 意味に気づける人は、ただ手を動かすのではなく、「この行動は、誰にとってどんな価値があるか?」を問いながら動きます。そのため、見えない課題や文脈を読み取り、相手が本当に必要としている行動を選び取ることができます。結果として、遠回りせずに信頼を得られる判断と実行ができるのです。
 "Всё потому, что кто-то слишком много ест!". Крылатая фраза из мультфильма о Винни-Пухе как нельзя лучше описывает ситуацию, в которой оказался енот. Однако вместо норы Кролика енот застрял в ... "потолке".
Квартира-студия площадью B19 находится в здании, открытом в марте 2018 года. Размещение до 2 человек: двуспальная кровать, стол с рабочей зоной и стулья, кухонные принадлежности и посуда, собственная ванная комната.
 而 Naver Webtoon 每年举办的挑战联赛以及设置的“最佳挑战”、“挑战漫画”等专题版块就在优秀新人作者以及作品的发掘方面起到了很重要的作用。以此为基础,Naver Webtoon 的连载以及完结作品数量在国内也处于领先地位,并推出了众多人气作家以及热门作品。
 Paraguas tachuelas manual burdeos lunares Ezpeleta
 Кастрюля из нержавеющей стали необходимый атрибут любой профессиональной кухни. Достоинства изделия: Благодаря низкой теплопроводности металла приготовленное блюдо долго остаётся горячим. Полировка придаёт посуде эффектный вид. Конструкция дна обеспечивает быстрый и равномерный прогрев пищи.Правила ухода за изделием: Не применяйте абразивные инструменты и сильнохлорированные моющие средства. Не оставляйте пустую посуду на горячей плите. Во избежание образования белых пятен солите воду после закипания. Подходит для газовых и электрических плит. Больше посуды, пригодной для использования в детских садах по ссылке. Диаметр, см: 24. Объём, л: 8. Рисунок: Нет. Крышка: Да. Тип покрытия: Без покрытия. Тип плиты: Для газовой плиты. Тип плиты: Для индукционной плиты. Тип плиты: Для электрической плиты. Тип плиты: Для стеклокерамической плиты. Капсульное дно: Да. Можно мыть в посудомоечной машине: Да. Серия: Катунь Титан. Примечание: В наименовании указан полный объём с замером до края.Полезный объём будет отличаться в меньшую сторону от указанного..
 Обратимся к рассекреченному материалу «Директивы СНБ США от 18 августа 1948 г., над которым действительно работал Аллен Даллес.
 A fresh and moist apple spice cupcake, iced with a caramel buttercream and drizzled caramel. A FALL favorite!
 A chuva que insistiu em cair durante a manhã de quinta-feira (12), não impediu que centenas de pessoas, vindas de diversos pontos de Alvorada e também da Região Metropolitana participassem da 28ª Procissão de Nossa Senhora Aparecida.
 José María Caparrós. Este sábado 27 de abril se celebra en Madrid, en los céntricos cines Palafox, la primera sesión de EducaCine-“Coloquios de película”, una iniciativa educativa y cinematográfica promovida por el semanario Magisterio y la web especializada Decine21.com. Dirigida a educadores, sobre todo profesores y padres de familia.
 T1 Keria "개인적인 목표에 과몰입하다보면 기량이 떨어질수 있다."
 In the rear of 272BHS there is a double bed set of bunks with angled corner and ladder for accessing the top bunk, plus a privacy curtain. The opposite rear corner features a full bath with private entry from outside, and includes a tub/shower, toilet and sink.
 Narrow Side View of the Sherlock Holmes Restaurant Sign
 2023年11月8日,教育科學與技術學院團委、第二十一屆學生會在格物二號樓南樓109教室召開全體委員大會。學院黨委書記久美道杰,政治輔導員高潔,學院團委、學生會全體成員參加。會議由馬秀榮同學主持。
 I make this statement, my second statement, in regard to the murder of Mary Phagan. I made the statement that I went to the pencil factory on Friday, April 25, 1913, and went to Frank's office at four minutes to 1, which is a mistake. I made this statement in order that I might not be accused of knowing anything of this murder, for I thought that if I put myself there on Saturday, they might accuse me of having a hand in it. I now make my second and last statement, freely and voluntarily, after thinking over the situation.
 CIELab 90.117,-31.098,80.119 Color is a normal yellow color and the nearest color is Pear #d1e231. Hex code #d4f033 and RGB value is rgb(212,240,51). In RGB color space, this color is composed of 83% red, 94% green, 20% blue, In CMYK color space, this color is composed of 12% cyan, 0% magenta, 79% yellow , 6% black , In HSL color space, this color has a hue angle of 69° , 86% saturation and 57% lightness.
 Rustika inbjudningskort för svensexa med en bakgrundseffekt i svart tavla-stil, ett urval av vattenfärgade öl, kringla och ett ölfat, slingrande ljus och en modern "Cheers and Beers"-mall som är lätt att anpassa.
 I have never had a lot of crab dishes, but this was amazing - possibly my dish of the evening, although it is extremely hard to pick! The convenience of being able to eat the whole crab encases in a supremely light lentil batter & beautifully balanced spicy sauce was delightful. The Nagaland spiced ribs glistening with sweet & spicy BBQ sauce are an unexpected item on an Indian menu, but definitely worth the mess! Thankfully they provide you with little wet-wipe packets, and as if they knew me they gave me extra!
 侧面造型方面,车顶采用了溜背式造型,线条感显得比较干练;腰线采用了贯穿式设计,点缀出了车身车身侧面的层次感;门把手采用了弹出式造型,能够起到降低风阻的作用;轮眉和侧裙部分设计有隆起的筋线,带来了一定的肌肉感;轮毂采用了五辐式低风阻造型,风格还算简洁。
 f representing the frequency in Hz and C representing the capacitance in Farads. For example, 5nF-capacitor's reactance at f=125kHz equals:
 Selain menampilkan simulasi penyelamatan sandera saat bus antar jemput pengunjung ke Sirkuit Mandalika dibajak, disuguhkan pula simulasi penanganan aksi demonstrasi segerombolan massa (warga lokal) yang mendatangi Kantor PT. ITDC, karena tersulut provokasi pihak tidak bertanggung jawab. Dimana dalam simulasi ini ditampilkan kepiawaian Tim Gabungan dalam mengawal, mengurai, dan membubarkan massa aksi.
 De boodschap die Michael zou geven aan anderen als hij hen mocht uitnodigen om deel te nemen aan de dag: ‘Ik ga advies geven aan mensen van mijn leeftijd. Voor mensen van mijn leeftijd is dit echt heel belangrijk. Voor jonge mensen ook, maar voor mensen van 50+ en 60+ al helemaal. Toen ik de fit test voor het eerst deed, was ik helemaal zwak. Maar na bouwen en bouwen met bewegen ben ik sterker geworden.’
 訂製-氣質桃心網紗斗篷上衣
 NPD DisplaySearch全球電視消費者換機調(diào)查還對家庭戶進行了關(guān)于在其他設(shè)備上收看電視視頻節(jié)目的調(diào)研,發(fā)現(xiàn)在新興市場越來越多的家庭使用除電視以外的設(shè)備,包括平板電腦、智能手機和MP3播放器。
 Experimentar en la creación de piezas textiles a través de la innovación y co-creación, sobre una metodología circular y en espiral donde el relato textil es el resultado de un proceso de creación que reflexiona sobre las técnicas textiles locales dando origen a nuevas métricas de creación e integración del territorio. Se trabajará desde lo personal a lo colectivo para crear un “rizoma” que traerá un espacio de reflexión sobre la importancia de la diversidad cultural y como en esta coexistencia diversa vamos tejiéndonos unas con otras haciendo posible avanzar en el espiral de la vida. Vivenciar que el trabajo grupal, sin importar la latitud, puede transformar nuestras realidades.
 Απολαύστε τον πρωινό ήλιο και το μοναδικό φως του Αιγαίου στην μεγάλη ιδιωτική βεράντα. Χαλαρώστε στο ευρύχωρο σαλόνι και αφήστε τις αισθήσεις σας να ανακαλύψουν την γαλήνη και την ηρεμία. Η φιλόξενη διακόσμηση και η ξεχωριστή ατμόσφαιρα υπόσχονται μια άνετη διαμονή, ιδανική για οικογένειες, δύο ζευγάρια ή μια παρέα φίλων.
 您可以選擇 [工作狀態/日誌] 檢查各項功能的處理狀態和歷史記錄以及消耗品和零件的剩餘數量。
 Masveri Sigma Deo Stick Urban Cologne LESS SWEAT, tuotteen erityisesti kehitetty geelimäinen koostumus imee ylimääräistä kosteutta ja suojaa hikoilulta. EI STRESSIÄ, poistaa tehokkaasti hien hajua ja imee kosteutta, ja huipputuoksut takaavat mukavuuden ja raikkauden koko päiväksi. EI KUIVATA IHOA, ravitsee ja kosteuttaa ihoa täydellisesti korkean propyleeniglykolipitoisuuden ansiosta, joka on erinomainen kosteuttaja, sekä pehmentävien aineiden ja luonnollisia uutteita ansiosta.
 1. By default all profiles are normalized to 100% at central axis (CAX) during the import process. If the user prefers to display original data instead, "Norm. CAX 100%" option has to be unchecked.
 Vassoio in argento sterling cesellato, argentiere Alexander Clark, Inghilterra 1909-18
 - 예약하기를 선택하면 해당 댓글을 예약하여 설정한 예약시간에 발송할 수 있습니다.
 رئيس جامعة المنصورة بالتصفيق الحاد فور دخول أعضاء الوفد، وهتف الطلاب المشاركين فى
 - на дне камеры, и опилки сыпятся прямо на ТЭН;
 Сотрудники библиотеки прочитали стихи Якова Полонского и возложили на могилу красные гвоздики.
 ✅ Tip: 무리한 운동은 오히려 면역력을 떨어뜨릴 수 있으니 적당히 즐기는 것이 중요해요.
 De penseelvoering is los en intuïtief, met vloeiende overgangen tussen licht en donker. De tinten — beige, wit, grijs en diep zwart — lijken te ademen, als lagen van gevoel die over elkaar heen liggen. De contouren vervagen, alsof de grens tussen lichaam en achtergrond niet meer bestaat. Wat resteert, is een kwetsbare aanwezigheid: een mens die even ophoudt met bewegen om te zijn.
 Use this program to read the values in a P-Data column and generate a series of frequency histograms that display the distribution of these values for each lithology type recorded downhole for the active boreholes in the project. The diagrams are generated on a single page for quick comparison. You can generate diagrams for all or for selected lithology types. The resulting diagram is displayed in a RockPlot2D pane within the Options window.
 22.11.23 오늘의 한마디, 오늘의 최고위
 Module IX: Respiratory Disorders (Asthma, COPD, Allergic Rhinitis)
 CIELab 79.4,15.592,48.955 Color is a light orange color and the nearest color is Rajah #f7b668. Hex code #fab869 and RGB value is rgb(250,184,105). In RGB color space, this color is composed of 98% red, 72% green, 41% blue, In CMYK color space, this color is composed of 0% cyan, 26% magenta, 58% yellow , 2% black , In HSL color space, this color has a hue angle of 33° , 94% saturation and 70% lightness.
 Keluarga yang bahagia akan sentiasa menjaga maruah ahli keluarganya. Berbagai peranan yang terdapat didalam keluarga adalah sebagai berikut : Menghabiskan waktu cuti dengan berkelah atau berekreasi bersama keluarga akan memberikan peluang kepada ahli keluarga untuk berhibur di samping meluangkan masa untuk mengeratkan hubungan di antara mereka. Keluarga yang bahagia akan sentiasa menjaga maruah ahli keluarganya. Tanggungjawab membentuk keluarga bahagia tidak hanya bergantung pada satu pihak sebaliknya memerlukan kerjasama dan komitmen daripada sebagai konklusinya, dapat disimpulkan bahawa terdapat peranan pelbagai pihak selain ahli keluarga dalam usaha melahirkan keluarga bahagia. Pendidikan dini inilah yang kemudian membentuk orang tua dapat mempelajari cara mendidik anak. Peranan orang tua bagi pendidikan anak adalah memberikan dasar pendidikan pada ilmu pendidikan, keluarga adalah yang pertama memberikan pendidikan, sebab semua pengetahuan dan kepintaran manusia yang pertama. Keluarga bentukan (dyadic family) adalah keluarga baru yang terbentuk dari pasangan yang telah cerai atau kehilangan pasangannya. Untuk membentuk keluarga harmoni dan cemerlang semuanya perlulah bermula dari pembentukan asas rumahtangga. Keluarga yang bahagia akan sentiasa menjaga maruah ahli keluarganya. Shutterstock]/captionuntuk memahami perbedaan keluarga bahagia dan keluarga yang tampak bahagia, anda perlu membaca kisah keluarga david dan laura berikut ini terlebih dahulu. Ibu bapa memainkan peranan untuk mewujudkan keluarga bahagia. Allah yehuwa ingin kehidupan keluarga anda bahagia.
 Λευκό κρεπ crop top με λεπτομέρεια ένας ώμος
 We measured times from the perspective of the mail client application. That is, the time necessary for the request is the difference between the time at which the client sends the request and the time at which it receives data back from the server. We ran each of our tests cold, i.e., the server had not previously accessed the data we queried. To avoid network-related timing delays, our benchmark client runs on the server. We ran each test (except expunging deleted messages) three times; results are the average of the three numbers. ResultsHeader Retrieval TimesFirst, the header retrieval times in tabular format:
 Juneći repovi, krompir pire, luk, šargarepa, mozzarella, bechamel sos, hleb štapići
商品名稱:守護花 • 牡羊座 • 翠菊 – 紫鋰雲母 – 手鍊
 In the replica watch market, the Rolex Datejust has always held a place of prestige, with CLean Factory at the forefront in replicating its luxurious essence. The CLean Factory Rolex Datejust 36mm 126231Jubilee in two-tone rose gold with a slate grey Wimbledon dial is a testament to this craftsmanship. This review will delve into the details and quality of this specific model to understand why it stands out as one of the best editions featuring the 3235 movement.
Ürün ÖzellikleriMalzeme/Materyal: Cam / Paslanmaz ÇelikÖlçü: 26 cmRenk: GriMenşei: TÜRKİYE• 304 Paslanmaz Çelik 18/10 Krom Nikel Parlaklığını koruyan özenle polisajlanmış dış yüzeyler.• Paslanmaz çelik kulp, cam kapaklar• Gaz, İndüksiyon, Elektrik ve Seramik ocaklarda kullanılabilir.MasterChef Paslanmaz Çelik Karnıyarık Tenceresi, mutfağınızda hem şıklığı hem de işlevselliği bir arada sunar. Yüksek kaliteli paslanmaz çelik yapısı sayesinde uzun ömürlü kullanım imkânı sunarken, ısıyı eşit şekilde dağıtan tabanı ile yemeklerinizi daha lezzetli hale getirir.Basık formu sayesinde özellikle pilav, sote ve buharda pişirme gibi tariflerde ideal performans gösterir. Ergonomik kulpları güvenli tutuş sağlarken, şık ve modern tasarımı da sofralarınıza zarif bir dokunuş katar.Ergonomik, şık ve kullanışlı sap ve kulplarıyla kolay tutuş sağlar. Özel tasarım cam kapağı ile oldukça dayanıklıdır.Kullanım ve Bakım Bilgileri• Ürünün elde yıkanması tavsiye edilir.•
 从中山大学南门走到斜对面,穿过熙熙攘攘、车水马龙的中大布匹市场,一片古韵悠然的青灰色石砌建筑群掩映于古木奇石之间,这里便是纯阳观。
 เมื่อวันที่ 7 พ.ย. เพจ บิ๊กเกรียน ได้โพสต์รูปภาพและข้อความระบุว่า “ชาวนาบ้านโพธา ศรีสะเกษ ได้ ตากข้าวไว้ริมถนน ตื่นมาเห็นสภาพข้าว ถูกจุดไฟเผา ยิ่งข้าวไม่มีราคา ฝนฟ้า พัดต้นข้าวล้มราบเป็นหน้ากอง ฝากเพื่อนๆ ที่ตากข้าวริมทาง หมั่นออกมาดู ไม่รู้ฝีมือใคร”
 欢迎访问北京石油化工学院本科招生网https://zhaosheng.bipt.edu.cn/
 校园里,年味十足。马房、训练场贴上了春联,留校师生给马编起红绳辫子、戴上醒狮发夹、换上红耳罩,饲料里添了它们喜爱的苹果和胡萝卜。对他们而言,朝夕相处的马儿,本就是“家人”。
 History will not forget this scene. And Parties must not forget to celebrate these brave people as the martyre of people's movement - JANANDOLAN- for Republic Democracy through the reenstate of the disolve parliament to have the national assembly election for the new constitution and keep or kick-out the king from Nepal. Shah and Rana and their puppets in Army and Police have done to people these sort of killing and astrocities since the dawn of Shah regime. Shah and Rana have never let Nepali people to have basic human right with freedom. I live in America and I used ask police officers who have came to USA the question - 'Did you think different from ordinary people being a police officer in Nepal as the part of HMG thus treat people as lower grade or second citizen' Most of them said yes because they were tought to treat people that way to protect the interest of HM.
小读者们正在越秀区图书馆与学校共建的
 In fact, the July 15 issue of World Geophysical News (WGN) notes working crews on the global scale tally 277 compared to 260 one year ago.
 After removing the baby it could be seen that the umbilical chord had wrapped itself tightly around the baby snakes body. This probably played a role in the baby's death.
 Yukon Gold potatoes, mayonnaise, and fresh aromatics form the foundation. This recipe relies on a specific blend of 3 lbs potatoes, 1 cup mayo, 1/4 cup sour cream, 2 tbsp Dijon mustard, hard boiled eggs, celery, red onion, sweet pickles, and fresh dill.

────────────────

## Your task
Set down, exactly as they stand above, the lines starting with the line with "In fact, the" and going on through the line with "After removing the", and no others.

## Reply to the task
 In fact, the July 15 issue of World Geophysical News (WGN) notes working crews on the global scale tally 277 compared to 260 one year ago.
 After removing the baby it could be seen that the umbilical chord had wrapped itself tightly around the baby snakes body. This probably played a role in the baby's death.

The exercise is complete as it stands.